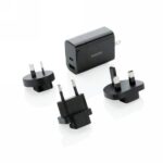 Uniwersalna ładowarka Philips 30W, adapter podróżny, wtyczki z USA, Australii, UK i UE, wejście 100-240V, wyjście USB 5V/2.4A, wyjście typu C 5V/3A, 9V/2A, 12V/1.5A, pokrowiec w komplecie, w ozdobnym pudełku Philips
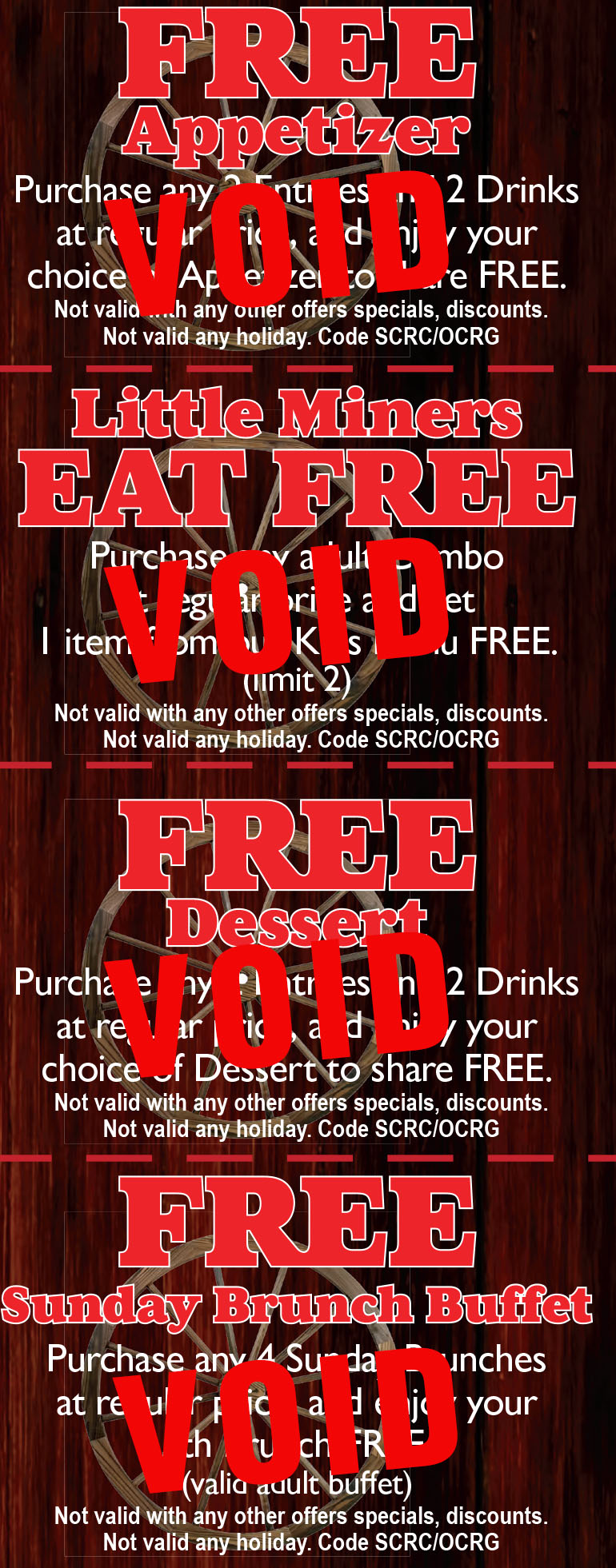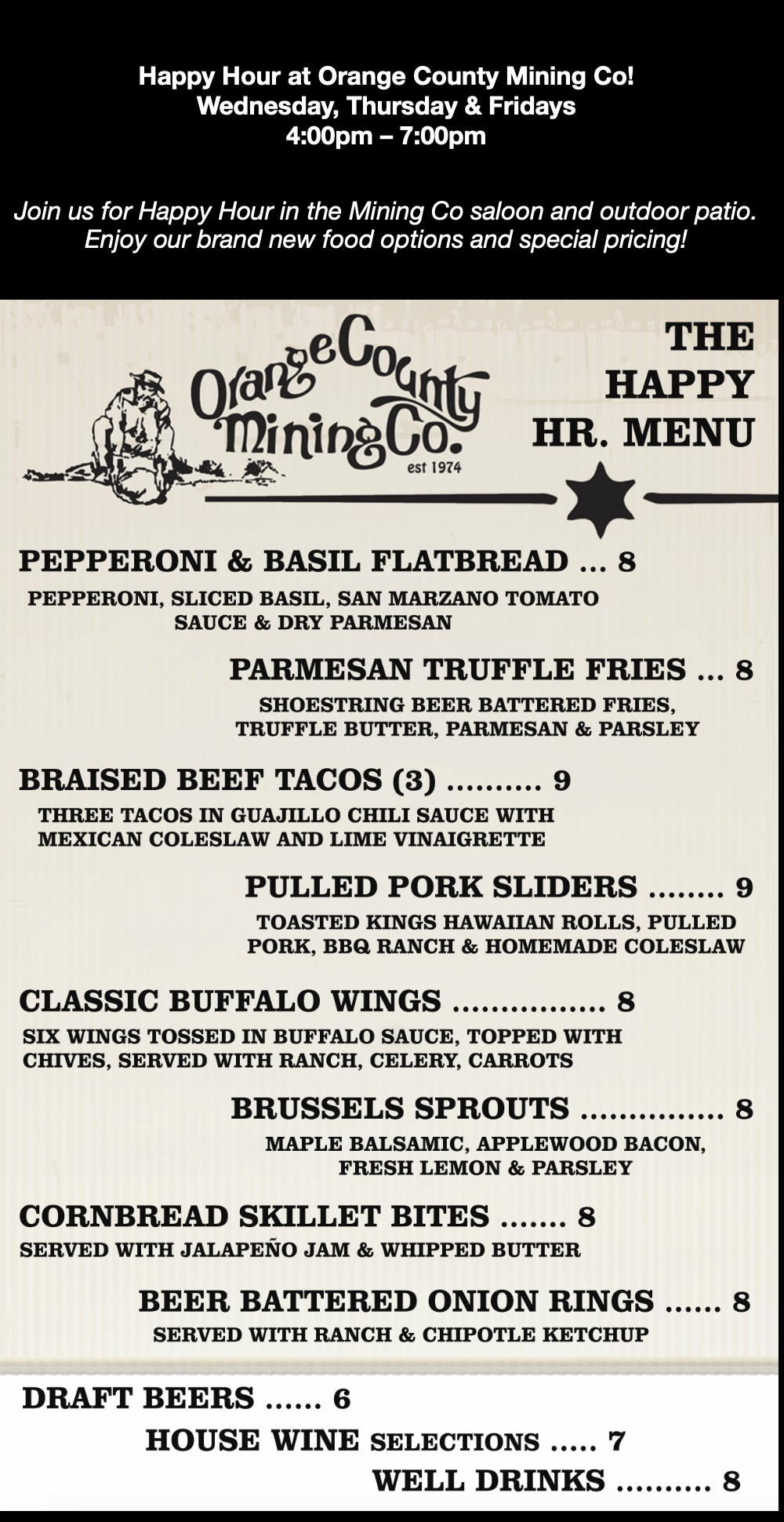 Orange County Mining Co 10000 Crawford Canyon Rd, Orange Call for Reservations/Ordering (714)997-7411 Go to our Website RESERVATIONS Just show your coupon to your server and $AVE!
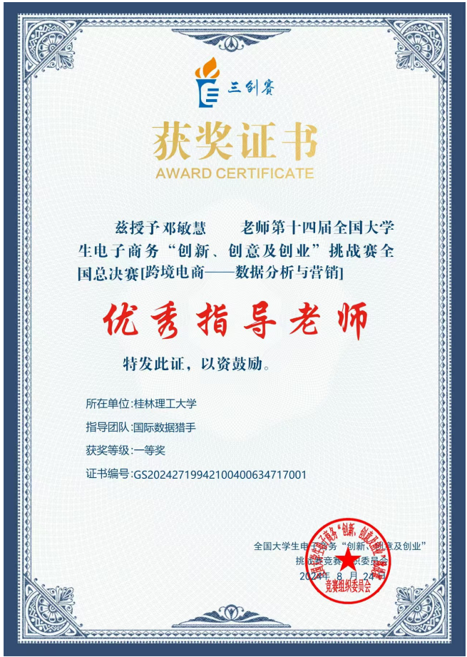 第十四届全国大学生电子商务“创新、创意及创业”挑战赛全国总决赛于2024年8月2日圆满落下帷幕。本届比赛全国报名参赛的队伍共有18万支,我校共选拔了6支队伍参赛。其中邓敏慧副教授、黄远良博士、宁忠总经理(企业导师)指导的作品“数智引领探索电商新蓝海——以跨境电商厨房家居产业为例”经过校赛、省赛选拔,以广西赛区跨境电商数据分析与营销赛道第一名的好成绩成功晋级全国总决赛。并最终获全国总决赛一等奖,三位指导老师同时获得该赛事全国总决赛优秀指导老师。
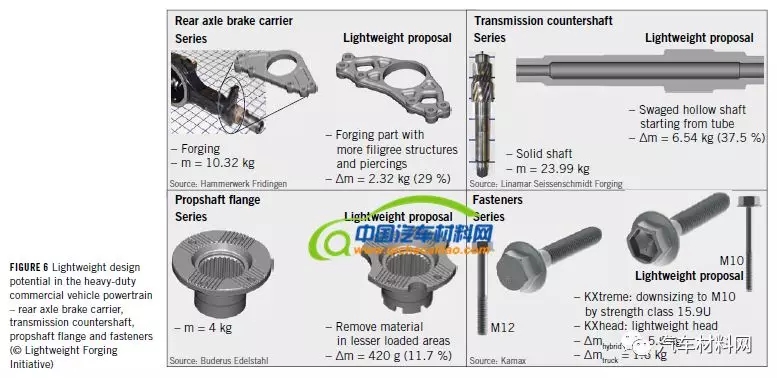Kamax通过使用内部六角形部件看到紧固件头部的轻量化潜力,这也可在装配过程中带来优势。考虑到耐氢脆等问题,使用强度等级为15.9U的高强度材料也可以显著减轻重量。如采用新日铁通的具有良好抗氢脆性的高强钢,也可以实现轻量化。综上,本研究发现该重型卡车的减重潜力高达124千克。
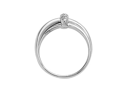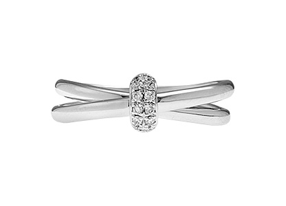 This chic contemporary 18ct white gold ring, features an eye catching, glistening, rectangular domed shape diamond encrusted top, presented on a dramatic polished split shoulder cross-over shank.
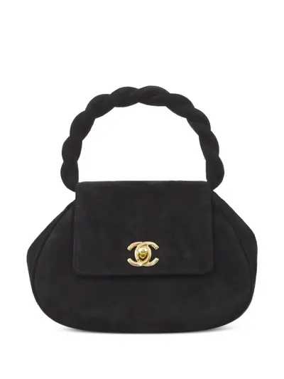 circa 1997 black suede single twisted top handle foldover top signature interlocking CC turn-lock fastening main compartment internal zip-fastening pocket gold-tone hardware Serial Number: 4759435 This item comes with an original Chanel authenticity card. Condition: GOOD. This previously owned and used item is in good condition with minimal signs of use. This may include fading of material or plating and scratches.
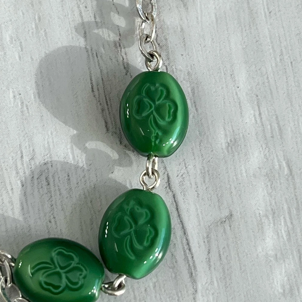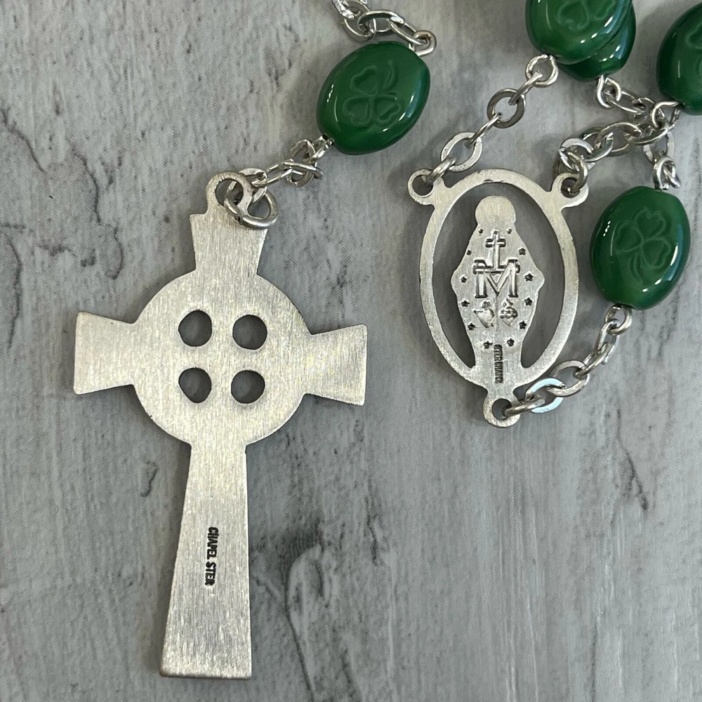 Vintage Chapel Sterling Green Shamrock Glass Bead Celtic Cross Mary Rosary Beads Length- 26" Cross length- 1.75" Additional measurements available upon request All measurements are approximate All measurements are taken with item laying flat Double bust, waist, & hip for measurement all the way around Colors may differ based on others computer/phone/etc settings All pre owned items have been washed and steamed All pre owned items have been looked over for flaws and will be noted in listing
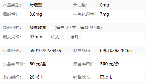 | 類型 :烤煙型 | 焦油量 :8mg | 煙氣煙堿量 :0.8mg | 一氧化碳量 :7mg |

WHAT IS NEEDED: Provide an exact copy of only the lines from the beginning of the entries through the line containing "Orange County Mining", both ends included, with no pictures.

REPLY:
 Uniwersalna ładowarka Philips 30W, adapter podróżny, wtyczki z USA, Australii, UK i UE, wejście 100-240V, wyjście USB 5V/2.4A, wyjście typu C 5V/3A, 9V/2A, 12V/1.5A, pokrowiec w komplecie, w ozdobnym pudełku Philips
 Orange County Mining Co 10000 Crawford Canyon Rd, Orange Call for Reservations/Ordering (714)997-7411 Go to our Website RESERVATIONS Just show your coupon to your server and $AVE!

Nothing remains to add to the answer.